Journal article
Uncovering the Peptide-Binding Specificities of HLA-C: A General Strategy To Determine the Specificity of Any MHC Class I Molecule
University of Copenhagen1
Institut national de la santé et de la recherche médicale2
Department of Systems Biology, Technical University of Denmark3
Center for Biological Sequence Analysis, Department of Systems Biology, Technical University of Denmark4
Immunological Bioinformatics, Center for Biological Sequence Analysis, Department of Systems Biology, Technical University of Denmark5
MHC class I molecules (HLA-I in humans) present peptides derived from endogenous proteins to CTLs. Whereas the peptide-binding specificities of HLA-A and -B molecules have been studied extensively, little is known about HLA-C specificities. Combining a positional scanning combinatorial peptide library approach with a peptide-HLA-I dissociation assay, in this study we present a general strategy to determine the peptide-binding specificity of any MHC class I molecule.
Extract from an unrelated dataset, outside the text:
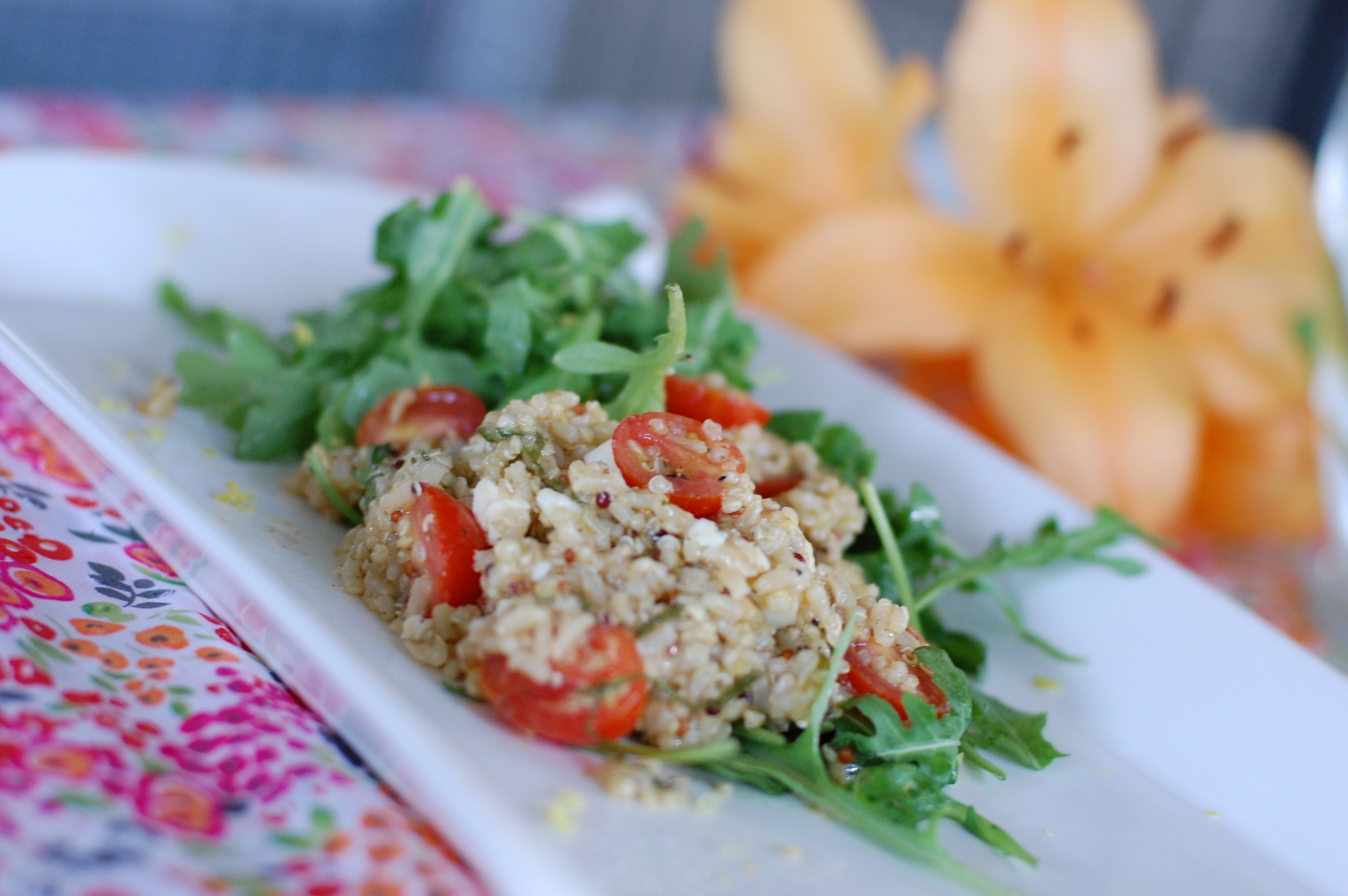 Cook the quinoa according to the packaging. While the grains are cooking prepare the vinaigrette. Combine the lemon zest, juice, vinegar and mustard in a mixing bowl. Whisk aggressively while slowly adding in the oil. After the quinoa is cooked, transfer it to a shallow container and pour ½ of the vinaigrette over the grains, mixing well. Adding the vinaigrette to the quinoa while it is still hot will help the flavor steep into the grains. Add in the onions, tomatoes, basil and feta as well, giving the chance for all the flavors to mingle and blossom. Cool the salad until ready to serve.

We applied this novel strategy to 17 of the most common HLA-C molecules, and for 16 of these we successfully generated matrices representing their peptide-binding motifs. The motifs prominently shared a conserved C-terminal primary anchor with hydrophobic amino acid residues, as well as one or more diverse primary and auxiliary anchors at P1, P2, P3, and/or P7.
Matrices were used to generate a large panel of HLA-C-specific peptide-binding data and update our pan-specific NetMHCpan predictor, whose predictive performance was considerably improved with respect to peptide binding to HLA-C. The updated predictor was used to assess the specificities of HLA-C molecules, which were found to cover a more limited sequence space than HLA-A and -B molecules.
Assessing the functional significance of these new tools, HLA-C*07:01 transgenic mice were immunized with stable HLA-C*07:01 binders; six of six tested stable peptide binders were immunogenic. Finally, we generated HLA-C tetramers and labeled human CD8(+) T cells and NK cells. These new resources should support future research on the biology of HLA-C molecules.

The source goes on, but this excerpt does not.